Ruth now understands that Mama wanted Ruth to realize that this church congregation would always be there for her. Mama was aware that even if Ruth became successful and assimilated into white culture, there would still be times when Ruth wasn't truly welcome in her white community. With this, it becomes clear that Mama knew what Ruth was getting into, and she wanted to make sure Ruth had a place to go when things went south.
The group reconvenes at Mama's apartment after the graveside ceremony. Ruth takes refuge in the kitchen and looks through Mama's partially finished handwritten cookbook. Kennedy interrupts Ruth, introduces Ava, and asks about the cookbook. Bitterly, Ruth says that Mama wasted her life slaving away for someone else and was too busy to finish it. Ava takes an old photograph out and hands it to Ruth. It's of her as a child with Beattie, and Ruth can tell that the two loved each other. Ava says that Mama didn't waste her life as Kennedy embraces Ruth.

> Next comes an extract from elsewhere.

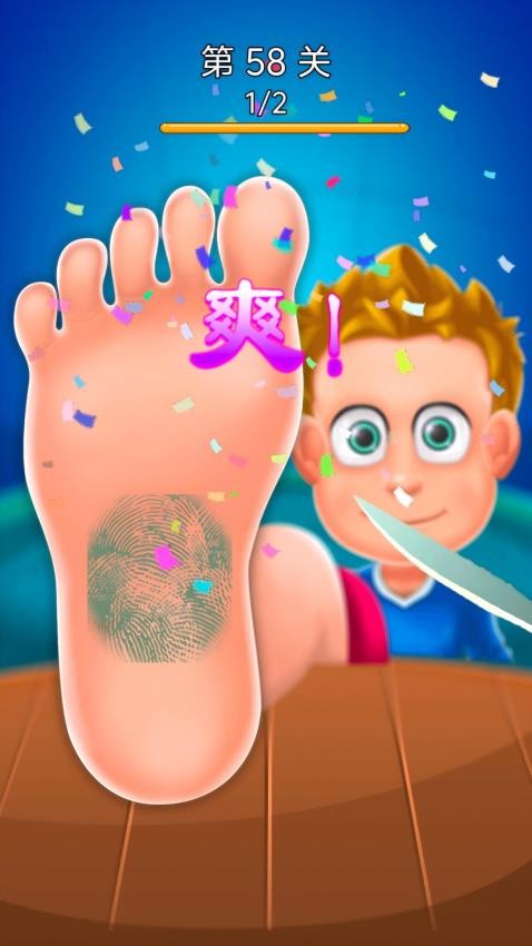 2、进入第58关之中,你需在第一个环节中发现相关的脚部问题,并使用适合的工具来处理这些情况。

Ava's photograph acts as an indicator that family doesn't have to be bound by blood, and that receiving a paycheck doesn't mean that people can't love each other like family. This helps Ruth to make sense of Mama's choice to work for Ms. Mina until the day she died, as she's able to understand more fully that Mama likely loved the Hallowells, just as Ava and Beattie loved each other.